- What you have to do
Copy exactly the lines of the material below that run from the one containing "Einen ganz anderen" through the one containing "Это - ложь.". Copy no other lines.

- Recorded information
╔══

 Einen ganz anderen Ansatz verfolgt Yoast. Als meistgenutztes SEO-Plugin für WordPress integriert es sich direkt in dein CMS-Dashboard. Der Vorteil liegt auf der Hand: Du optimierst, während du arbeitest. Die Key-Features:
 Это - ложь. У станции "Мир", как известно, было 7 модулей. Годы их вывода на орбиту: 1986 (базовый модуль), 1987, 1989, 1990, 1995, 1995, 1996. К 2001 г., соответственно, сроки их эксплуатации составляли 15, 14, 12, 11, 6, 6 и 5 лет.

╚══
╔══

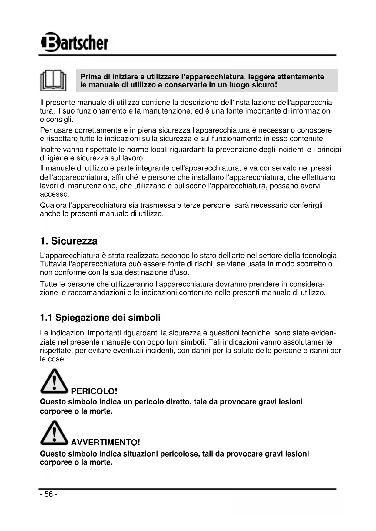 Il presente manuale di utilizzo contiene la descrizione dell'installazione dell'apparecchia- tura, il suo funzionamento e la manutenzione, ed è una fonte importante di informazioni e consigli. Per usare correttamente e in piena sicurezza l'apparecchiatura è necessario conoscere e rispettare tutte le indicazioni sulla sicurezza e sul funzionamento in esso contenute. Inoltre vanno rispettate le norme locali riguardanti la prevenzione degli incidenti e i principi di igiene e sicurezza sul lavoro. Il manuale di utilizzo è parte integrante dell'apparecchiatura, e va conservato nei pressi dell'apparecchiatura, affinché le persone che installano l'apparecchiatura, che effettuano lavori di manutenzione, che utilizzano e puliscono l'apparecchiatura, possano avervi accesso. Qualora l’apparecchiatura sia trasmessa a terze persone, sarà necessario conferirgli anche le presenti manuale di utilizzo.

╚══

- Exercise result
 Einen ganz anderen Ansatz verfolgt Yoast. Als meistgenutztes SEO-Plugin für WordPress integriert es sich direkt in dein CMS-Dashboard. Der Vorteil liegt auf der Hand: Du optimierst, während du arbeitest. Die Key-Features:
 Это - ложь. У станции "Мир", как известно, было 7 модулей. Годы их вывода на орбиту: 1986 (базовый модуль), 1987, 1989, 1990, 1995, 1995, 1996. К 2001 г., соответственно, сроки их эксплуатации составляли 15, 14, 12, 11, 6, 6 и 5 лет.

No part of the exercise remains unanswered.